Information-theoretic approach

In [1], Bell and Sejnowski proposed an information-theoretic approach to solve for the optimal solution of separating matrix. They maximise the mutual-information that an output y=g(u) of a neural processor contains about its input u, where g is a non-linear function and u = Wx. The way to maximise this is by following the natural gradient, in contrast to the absolute gradient as in the classical optimisation in Euclidean space (See comparison of natural gradient, stochastic gradient and quasi-Newton method in [10]). Torkkola then used this approach to design a feedforward and feedback network for mixing inversion in the case of delayed sources and convolved sources [2][3]. However, the feedforward architecture is not sufficient to do the separation. Moreover, it also whitens the signals, which is sometimes undesirable, for example, in the case of speech. The more elegant feedback architecture performs better and the whitening problem can be avoided by forcing the direct filters to mere scaling coefficients, with indeterminacy of the recovered sources up to permutation and filtering. However, it still cannot deal with a non-minimum-phase mixing matrix. The non-minimum-phase situation may arise when the echo picked up by sensors or microphones is stronger than the direct signal. This will cause the solution matrix filters to be non-causal. Lee et al applied the FIR polynomial matrix techniques in the frequency domain described by Lambert[4]. They then arrived at a feedforward architecture which is capable of reversing the non-minimum-phase mixing system and hence can work more generally in real situation [5].

 

Another algorithm based on maximum entropy formulation is proposed in [9] where the cost function used is based on the entropy of the output.
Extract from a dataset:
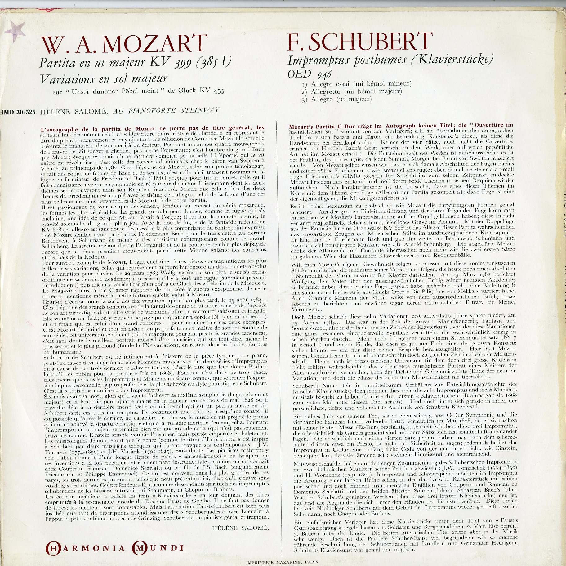 独 HARMONIA MUNDI HMO 30.525 独 HARMONIA MUNDI HMO 30.525 (HMO30.525) エレーヌ・サロメ モーツァルト:パルティータ ハ長調 K.399,グルックによる変奏曲 ト長調 K.455,シューベルト:即興曲集 D.946 在庫状態 : 売り切れ ¥8,800(税込) 只今お取扱い出来ません

It uses natural gradient optimisation and is proved to be equivarient. The source signals are estimated directly using a truncated version of a doubly-infinite multichannel equalizer/separator of the form

where y(k) is a vector of outputs at time k and x is a vector of signals presented at the sensors.

 

Density matching approach

A combination of density shape matching approach, using sigmoid function[6], and a context-sensitive generalisation of ICA[7] was applied to the feedforward separating system[8]. The latter is an extension of the infomax ICA algorithm where the underlying probability density is estimated as a weighted sum of logistic functions with some dependency on the history of the source.

 

A similarly recurrent structure but with different approach in solving for optimal solution was proposed by Nguyen and Jutten [17]. It is based on a cross-filter feedback network whose weights are updated using two different non-linear functions operating on the two estimates of the two sources (2-D case). The algorithm was then taken up by Charkani and Deville [18] who studied the stability and arrived at an asymptotic error variance of the separating system minimisation approach. This, however, requires the knowledge of probability density in order to find a suitable separating function used in the algorithm. Therefore, self- adaptive optimisation of separating functions is adopted by estimating the best projection of the optimum separating functions on a given set of functions. There is no restriction on sources.

 

Dynamic Component Analysis [16] is another algorithm proposed for a separation of the convolutive mixtures. It is based on a minimisation of Kullback-Liebler distance which is widely used to measure the deviation of two probability density distributions. Here, the distance is considered block-wise between the model sensor distribution, parameterised by the unmixing filter parameters, and the observed distribution. The distance is then minimised subject to those parameters using the stochastic gradient method which can be done in either time and frequency domain. It exploits high order temporal and inter-sensor statistics to achieve a separation.

 

Exploitation of non-stationarity, using 2^nd-order statistics

An alternative approach to achieve statistical independence condition, using additional 2^nd order information of nonstationary signals, has been proposed by Parra and Spence[11]. While it is true that 2^nd order statistics at single time is not sufficient, additional information can be obtained if one considers 2^nd order statistics at multiple times. This has been used in an instantaneous case [12], by decorrelating(diagonalising) the covariance matrix at several times, and the equivalent problem of convolutive mixtures of narrow-band signals [13]. They then took up the multiple decorrelation approach assuming nonstationary signals and use a least squares optimisation to estimate A or W. Also, the noise power could be estimated provided the number of sensors are greater than or equal to the number of sources. The cost function is derived from a careful consideration of measurement of 2^nd order statistics in the frequency domain. The algorithm also works in frequency domain and the problem of permutation of frequency bins at several times is avoided by a constraint on the filter length. A similar approach was undertaken by Principe in frequency-domain[14] and Kawamoto in time-domain[15].

 

Simultaneous Diagonalisation(SD), either in time or frequency domain, uses the same approach as above which can be used to solve the BSS problem. Frobenius norm is utilised as a measurement of the simultaneous diagonalisation for BSS in time-domain [21] and has been extended to frequency domain in [22]. The approach in[20], an algorithm based on frequency decomposition and SD is derived. It is also based on Hadamard’s inequality in order to make the algorithm more computationally efficient than existing SD algorithms.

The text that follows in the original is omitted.